Oropharyngeal
candidiasis is one of the first and most commonly reported
opportunistic infections of untreated
AIDS patients. With the introduction of the new
antiviral HAART therapy, including
HIV protease inhibitors, this mucocutaneous
infection is nowadays only rarely observed in treated patients. It was recently shown that
HIV protease inhibitors have a direct attenuating effect on Candida albicans secreted
aspartic proteinases (Saps), an investigation prompted by the fact that both Sap and
HIV protease belong to the superfamily of
aspartic proteinases and by the observation that mucocutaneous
infections sometimes resolve even in the absence of an immunological improvement of the host. As these Saps are important fungal
virulence factors and play a key role in adhesion to human epithelial cells we tried to assess the effect of the
HIV protease inhibitors Ritonavir,
Indinavir and
Saquinavir on fungal adhesion to these cells. The effect on phagocytosis by polymorphonuclear leukocytes was also assessed.

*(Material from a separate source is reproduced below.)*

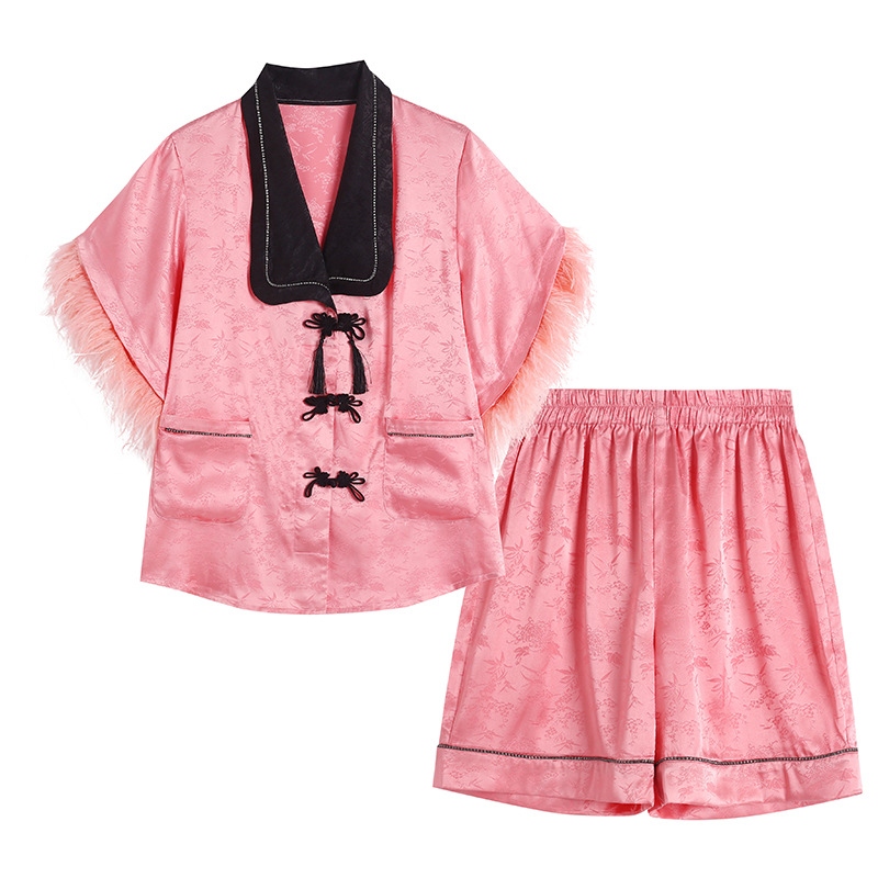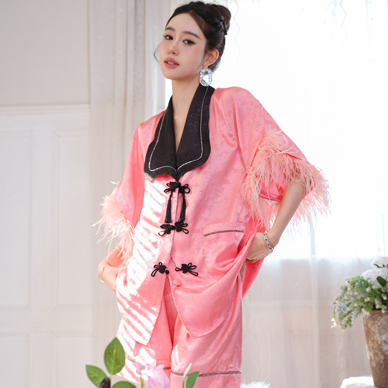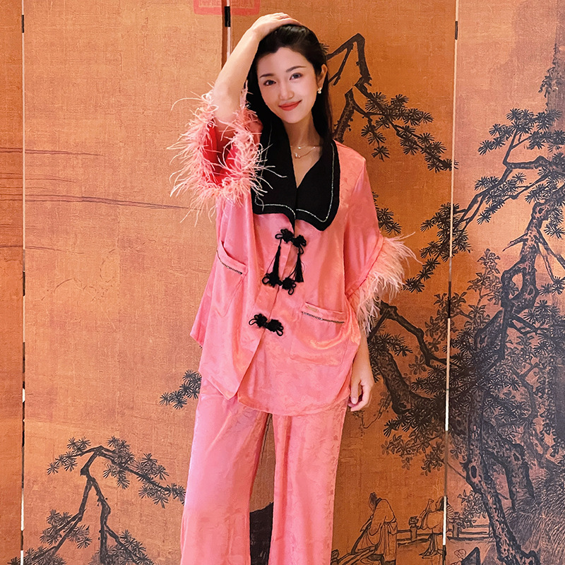 奢华可拆卸鸵鸟毛仿真丝冰丝睡衣两件套水钻盘扣缎面家居服新
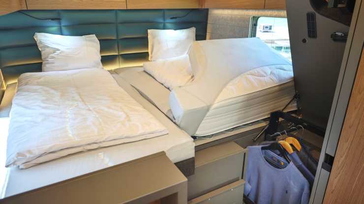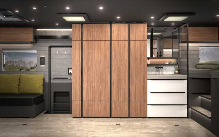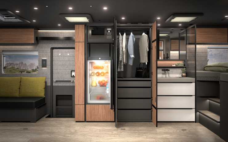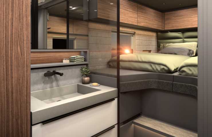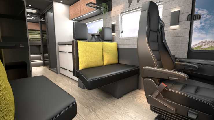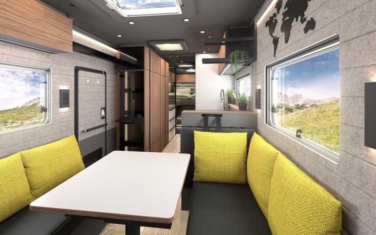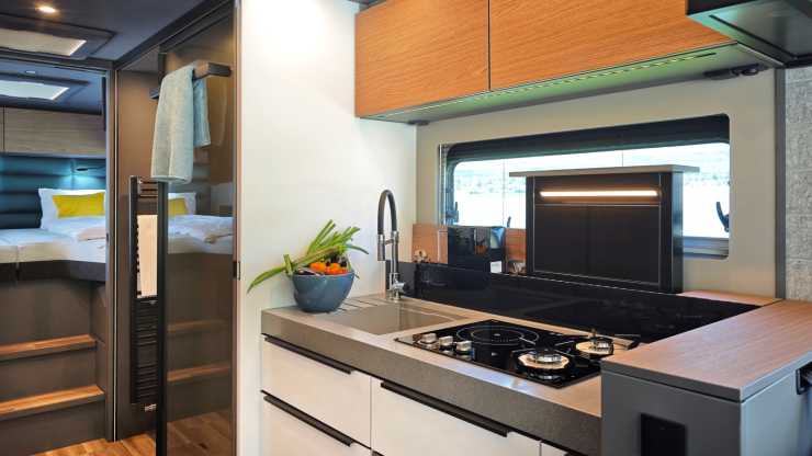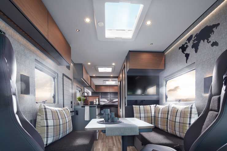 Andra finesser är att glasväggen till hygienutrymmet kan göras ogenomskinlig med en knapptryckning, att ena face to face-soffan kan vändas framåt och bli en bältad plats och hybridhäll för både gas och el i köket.

Ritonavir was found to be the most potent inhibitor of fungal adhesion. A dose-dependent inhibition of adhesion to epithelial cells was found already at 0.8 microM and was significant at 4 microM or higher, at 500 microM the inhibition was about 55%.
Indinavir and
Saquinavir inhibited significantly at 4 microM or 20 microM, respectively; at 500 microM the inhibition was 30% or 50%. In contrast, no
protease inhibitor was able to modulate phagocytosis of Candida by polymorphonuclear leukocytes. In conclusion, inhibition of Saps by
HIV protease inhibitors may directly help to ease the resolution of mucosal
candidiasis. In future, derivatives of
HIV protease inhibitors, being more specific for the fungal Saps, may form an alternative in the treatment of mucosal
candidiasis insensitive to currently available antimycotics.